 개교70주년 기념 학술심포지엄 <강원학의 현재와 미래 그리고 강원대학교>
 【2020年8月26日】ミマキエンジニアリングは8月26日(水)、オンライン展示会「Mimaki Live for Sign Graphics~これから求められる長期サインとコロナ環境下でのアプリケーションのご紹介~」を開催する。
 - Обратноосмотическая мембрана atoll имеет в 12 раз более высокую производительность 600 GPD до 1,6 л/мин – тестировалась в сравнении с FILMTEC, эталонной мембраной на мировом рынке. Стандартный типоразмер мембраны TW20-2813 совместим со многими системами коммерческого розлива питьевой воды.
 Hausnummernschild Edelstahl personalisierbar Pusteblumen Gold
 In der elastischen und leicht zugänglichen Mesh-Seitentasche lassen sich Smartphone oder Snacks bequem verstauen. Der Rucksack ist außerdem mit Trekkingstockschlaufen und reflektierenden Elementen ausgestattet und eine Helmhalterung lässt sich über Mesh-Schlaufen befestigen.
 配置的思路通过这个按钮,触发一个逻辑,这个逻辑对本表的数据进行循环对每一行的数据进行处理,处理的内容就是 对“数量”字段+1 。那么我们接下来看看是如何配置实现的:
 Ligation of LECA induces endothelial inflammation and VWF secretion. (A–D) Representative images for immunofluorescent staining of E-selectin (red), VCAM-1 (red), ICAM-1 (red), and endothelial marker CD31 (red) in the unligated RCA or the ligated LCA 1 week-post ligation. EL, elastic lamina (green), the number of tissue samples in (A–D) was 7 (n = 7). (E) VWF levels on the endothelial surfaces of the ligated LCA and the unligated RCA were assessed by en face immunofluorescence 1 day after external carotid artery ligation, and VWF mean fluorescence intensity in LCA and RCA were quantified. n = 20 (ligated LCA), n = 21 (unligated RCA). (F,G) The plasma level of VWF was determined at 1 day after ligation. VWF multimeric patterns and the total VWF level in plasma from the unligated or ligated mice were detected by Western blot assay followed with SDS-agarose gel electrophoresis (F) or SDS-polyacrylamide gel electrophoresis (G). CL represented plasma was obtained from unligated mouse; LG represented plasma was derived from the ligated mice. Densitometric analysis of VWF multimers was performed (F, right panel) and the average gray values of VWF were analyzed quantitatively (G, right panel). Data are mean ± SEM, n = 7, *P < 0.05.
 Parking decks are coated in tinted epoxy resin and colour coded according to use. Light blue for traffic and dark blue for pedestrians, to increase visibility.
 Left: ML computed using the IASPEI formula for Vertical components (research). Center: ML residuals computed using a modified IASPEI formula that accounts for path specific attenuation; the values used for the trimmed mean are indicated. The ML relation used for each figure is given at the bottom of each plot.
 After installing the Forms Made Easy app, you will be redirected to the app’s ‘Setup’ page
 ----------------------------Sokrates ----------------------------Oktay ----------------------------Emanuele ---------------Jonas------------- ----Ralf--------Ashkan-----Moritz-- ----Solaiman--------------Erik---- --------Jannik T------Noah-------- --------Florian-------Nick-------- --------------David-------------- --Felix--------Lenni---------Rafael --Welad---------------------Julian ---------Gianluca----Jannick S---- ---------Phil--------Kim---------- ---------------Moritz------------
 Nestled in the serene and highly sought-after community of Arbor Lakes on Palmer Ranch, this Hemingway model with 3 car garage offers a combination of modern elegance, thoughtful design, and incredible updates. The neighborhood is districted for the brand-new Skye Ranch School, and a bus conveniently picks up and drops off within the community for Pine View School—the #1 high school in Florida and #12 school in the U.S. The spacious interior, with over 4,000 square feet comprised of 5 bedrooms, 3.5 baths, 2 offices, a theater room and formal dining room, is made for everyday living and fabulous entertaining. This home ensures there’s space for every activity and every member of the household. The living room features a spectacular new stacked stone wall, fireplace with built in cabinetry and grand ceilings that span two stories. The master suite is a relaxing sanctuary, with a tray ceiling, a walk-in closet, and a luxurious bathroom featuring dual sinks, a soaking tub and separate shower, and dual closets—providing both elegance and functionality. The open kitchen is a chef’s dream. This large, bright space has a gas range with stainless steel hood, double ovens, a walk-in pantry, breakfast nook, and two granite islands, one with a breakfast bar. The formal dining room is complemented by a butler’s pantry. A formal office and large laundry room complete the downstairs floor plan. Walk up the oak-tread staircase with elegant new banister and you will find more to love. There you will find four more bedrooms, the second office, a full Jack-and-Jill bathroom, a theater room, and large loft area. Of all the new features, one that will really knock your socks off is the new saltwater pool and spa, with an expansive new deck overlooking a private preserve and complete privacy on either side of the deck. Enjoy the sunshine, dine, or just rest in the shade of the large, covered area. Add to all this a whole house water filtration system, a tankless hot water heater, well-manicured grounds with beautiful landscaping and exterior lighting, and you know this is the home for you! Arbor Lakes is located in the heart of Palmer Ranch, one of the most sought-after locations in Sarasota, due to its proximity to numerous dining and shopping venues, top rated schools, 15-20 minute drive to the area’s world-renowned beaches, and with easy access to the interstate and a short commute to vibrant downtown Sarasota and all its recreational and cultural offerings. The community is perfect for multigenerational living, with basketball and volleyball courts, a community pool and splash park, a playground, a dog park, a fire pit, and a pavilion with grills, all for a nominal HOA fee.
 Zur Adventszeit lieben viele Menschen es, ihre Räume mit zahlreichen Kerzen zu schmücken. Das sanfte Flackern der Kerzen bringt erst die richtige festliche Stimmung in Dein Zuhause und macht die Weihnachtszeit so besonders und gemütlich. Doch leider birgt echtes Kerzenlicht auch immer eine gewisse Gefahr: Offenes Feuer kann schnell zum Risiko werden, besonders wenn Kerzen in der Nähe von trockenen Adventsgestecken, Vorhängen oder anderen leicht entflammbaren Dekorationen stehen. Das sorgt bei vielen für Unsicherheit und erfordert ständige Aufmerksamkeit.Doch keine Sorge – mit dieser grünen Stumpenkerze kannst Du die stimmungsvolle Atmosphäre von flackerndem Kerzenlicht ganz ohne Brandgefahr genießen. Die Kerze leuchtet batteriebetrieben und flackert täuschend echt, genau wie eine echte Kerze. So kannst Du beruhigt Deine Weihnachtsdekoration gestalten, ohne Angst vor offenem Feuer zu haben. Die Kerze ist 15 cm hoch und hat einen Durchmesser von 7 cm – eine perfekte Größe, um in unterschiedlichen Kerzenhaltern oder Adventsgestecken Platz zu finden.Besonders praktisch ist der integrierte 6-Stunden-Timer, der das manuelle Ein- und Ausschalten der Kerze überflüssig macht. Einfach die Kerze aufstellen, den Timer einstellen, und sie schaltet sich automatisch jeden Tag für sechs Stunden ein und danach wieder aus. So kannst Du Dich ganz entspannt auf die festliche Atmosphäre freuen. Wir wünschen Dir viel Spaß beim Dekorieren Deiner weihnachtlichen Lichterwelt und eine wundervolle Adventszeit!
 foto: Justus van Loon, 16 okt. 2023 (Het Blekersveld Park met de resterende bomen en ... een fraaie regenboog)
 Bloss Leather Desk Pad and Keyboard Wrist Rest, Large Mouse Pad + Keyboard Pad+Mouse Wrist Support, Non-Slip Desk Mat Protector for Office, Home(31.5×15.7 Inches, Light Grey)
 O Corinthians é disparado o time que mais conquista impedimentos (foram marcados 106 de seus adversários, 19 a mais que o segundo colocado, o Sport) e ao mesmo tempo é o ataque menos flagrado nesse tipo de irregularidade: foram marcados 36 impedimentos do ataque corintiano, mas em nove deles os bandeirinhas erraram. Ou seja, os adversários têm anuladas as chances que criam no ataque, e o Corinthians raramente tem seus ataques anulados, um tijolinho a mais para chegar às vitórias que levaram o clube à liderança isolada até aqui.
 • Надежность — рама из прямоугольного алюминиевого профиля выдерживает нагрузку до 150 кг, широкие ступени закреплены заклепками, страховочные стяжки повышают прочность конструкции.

────────

Exercise
Give back every line from the beginning of the records through the line holding "for Sign Graphics~これから求められる長期サインとコロナ環境下でのアプリケーションのご紹介~」を開催する。", exactly as it reads, and leave out the rest.

Exercise output
 개교70주년 기념 학술심포지엄 <강원학의 현재와 미래 그리고 강원대학교>
 【2020年8月26日】ミマキエンジニアリングは8月26日(水)、オンライン展示会「Mimaki Live for Sign Graphics~これから求められる長期サインとコロナ環境下でのアプリケーションのご紹介~」を開催する。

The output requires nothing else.